Descentes punitives à M’sila : une famille relève la «passivité» de la police (El Watan)

Publié le par Yann

Livrées à la vindicte populaire dans différents quartiers de M’sila, où elles ont failli être lynchées pour les unes et brûlées vives pour les autres, ces femmes seules, noyées momentanément dans le brouhaha de la chasse aux sorcières, ne baissent pas les bras.

 

Du moins l’une d’entre elles qui, en cette journée du 10 juillet, s’est déplacée au bureau d’El Watan pour relater la nuit d’horreur du 1er au 2 juillet, où sa famille attaquée au cocktail Molotov a failli être brûlée vive, d’une part, et pour dénoncer le silence suspect des magistrats et des services de sécurité qui ont assisté sans broncher aux tentatives répétées de massacre de femmes et d’enfants, d’autre part. «C’est honteux qu’une famille entière de onze membres, dont quatre enfants en bas âge (10, 9, 4 ans et 4 mois), lâche Mme R., ait à subir des assauts répétés durant la nuit du 1er au 2 juillet de la part de délinquants qui se sont acharnés à l’aide de cocktails Molotov à bombarder notre appartement avec l’intention de nous brûler vifs, sans qu’aucune instance de sécurité ne daigne bouger le petit doigt pour assurer la protection de personnes en danger de mort.»

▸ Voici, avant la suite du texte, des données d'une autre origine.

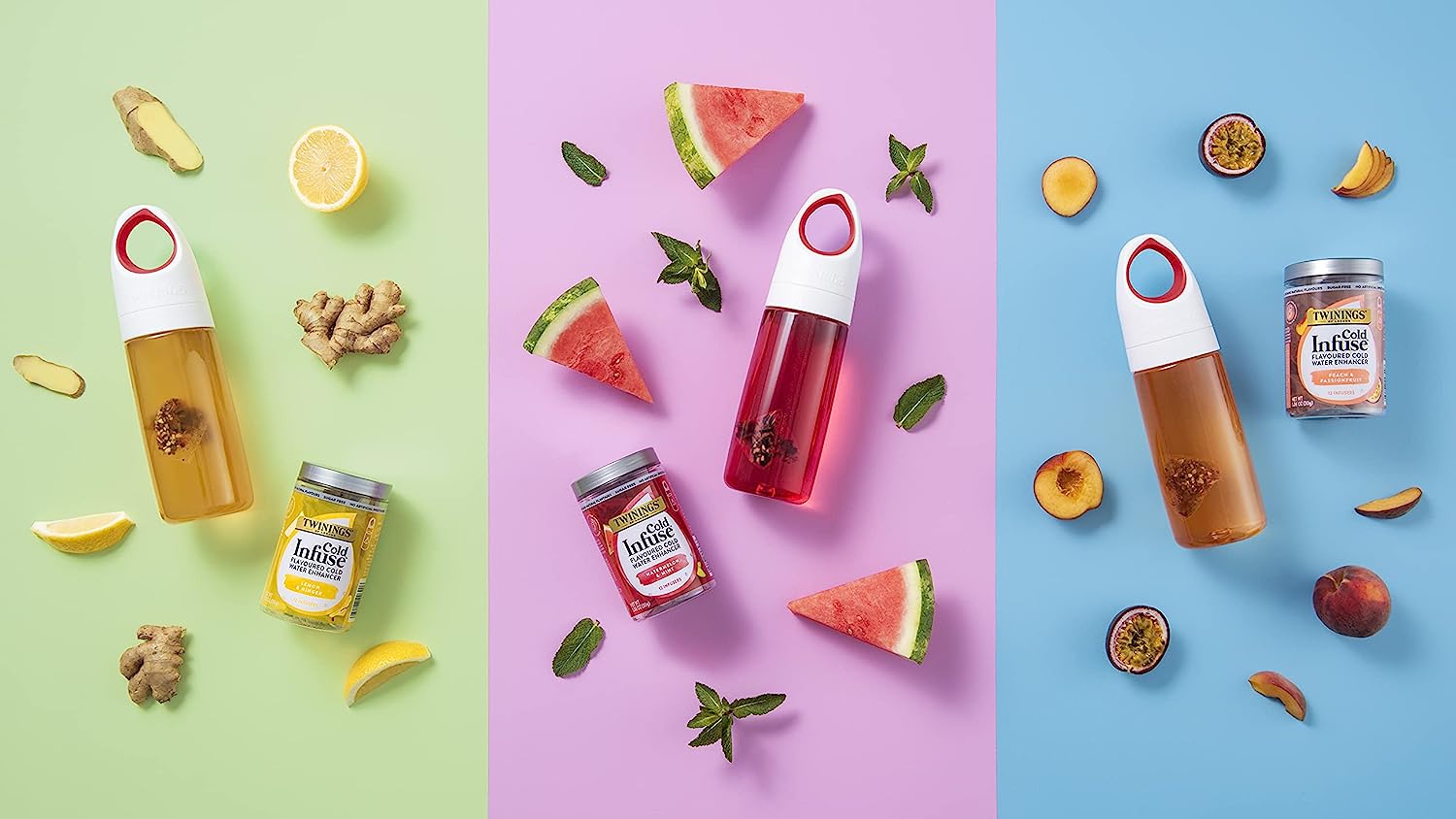 Twinings Cold Infuse Water Enhancer Tea Sampler, Strawberry-Lemon, Mango-Passionfruit, Watermelon-Mint, 12 Count (Pack of 3)

Mme R., mère de 5 enfants, accusée d’exercer le plus vieux métier du monde, n’en revient pas face à cette hargne des riverains à vouloir en découdre avec sa famille en salissant la réputation de ses filles. «Moi, dit-elle, qui ai vécu plus de 12 ans dans ce quartier sans que personne ne trouve à redire.» Pour elle, il est inconcevable qu’un habitant au cœur de la ville de M’sila, au milieu des institutions de l’Etat, se fasse massacrer par une bande de délinquants, sans qu’aucune instance réagisse pour protéger des vies humaines. Et d’ajouter : «Le silence en réponse à nos 120 appels de détresse adressés à la police (3e sûreté urbaine) et la sûreté de wilaya nous a éclairés sur cette velléité de l’administration en charge de la sécurité publique à nous jeter en pâture et être au diapason avec les délinquants.» «Pire, le lendemain, après avoir survécu à la nuit d’horreur de la veille, personne n’a voulu me recevoir pour déposer une plainte. Il a fallu que je me rende au ministère de la Justice le 3 juillet pour que le procureur général daigne accepter ma plainte, et que les services établissent un procès-verbal d’audition.»

 

Nuit d’horreur


Les dérobades des services de police ne se sont pas arrêtées là : après avoir survécu à cette nuit d’horreur, cette famille a été conseillée par le commissaire Hakim de quitter la ville, tout en la rassurant que l’appartement sera sous bonne garde. Dans la nuit du 2 au 3 juillet, la promesse du commissaire Hakim n’a pas tenu face à la déferlante qui a ciblé l’appartement de Mme R. Celui-ci a été incendié, pillé sous le regard des policiers, qui n’ont pas levé le petit doigt pour dissuader ces jeunes en furie, qui s’en sont donné à cœur joie pour jeter une famille entière dans la rue et traumatiser à jamais des enfants, dont le seul tort était d’être là en cette nuit du 1er juillet chez leurs grands-parents. «Au jour d’aujourd’hui, note Mme R., aucune suite n’a été donnée à la plainte contre les auteurs présumés des tentatives de brûler les occupants de l’appartement, qui a été réduit en cendres le lendemain.»